Zach Rabiroff in the aftermath

Today: Zach Rabiroff, a writer on books, comics, and culture living in Brooklyn, New York.


Issue No. 279

Scorched Earths
Zach Rabiroff


Scorched Earths

by Zach Rabiroff

I have a cassette tape recording of an old man’s voice, thickly-accented in the type of lilting Yiddish twang that has since vanished from contemporary life. This is the voice of my great-grandfather, Sam Freed, being interviewed by his school-age grandson sometime around 1980. Sam would have reached his early 80s by the time of the interview—no mean feat for someone who had grown up in a turn-of-the-century Polish ghetto on a diet consisting chiefly of potatoes and bread. Early on in the conversation he tells the story of his escape from that world, booking it on the eve of the First World War for refuge in England, Norway, and eventually the United States, before attempting to wire money back to the family he had left behind. 
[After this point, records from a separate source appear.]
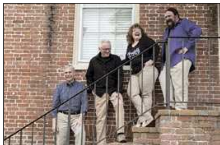
The Bears, New Bern's newest oldies band is scheduled to play at Trent River Coffee Co. starting at 7 p.m. Saturday, Aug. 15.

For more information, call 252-514-2030 or check out www.thebears.band .
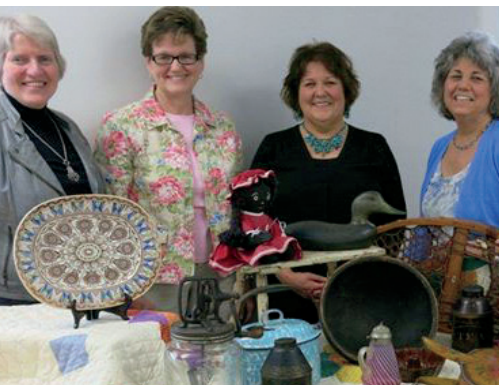
Our Lancaster County spring event committee with all their treasures!

VDL Enterprises, Inc.- DBA University Painters Weierbach Prosthodontist, PC Witmer's Tree Service
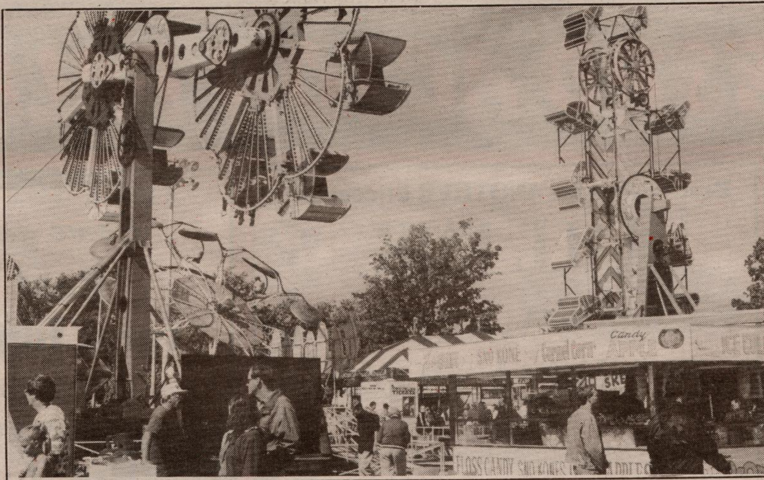
Rides on the Midway!

Wishes you a fun-filled day at the Fair!
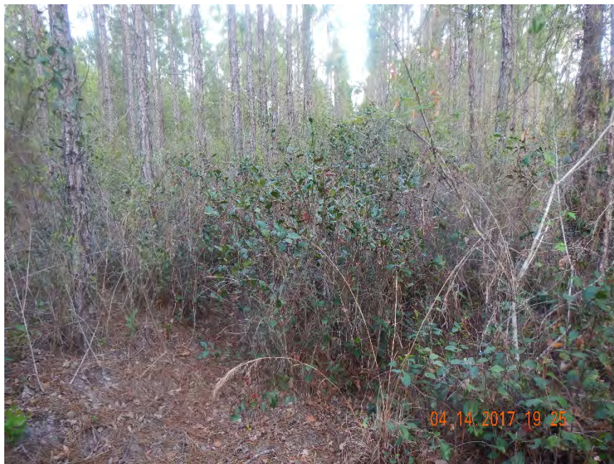
Photo 550. View of transitional Planted pine Flatwoods as seen at GPS location 10392 (Frame 1466; 04/14/17).
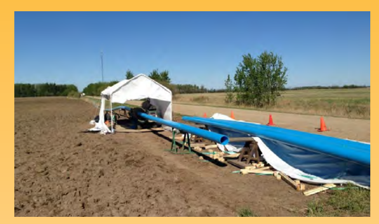
Residents will see much the same above-ground activity as they did during the installation of the pipeline from the Bonanza water treatment plant into the center of Bonanza.
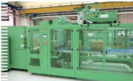
SUPER WRAP 1600 EM - sleevewrapping in film
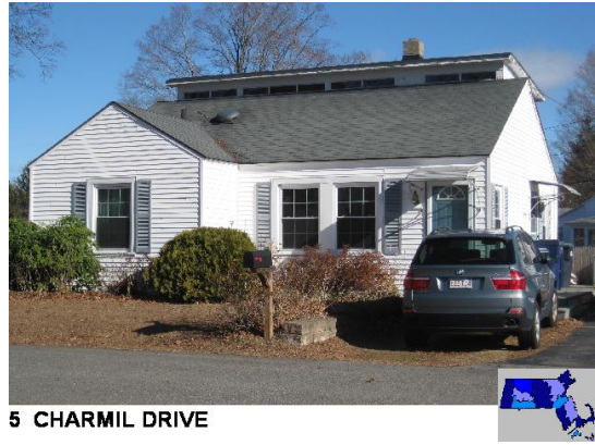
5 CHARMIL DRIVE

( https://images.vgsi.com/photos2/WestBrookfieldMAPPhotos/A00\00\08\92.J )

And here, he explains, he ran into some trouble. In Sam’s words:

Poland, at that time, was in three parts. Galicia, that part belonged to Austria. East Prussia belonged to Germany. But the greatest part belonged to Russia... but our town, the ghetto, was on the border of everything, and we spoke four languages. The soldiers and policemen all spoke Russian–this was the official language. Then there were a lot of Germans every place. They spoke German, but the other people, the gentiles, were Poles, and then we spoke Yiddish. So everybody there–the Jewish people, I mean–everybody was a little of everything. But after the war, Poland became independent, and the American Express asked me what was country I was from.

What country did he come from, his grandson asks him. Sam seems to audibly shrug: “The country I come from,” he says, “that’s a country that no longer exists.”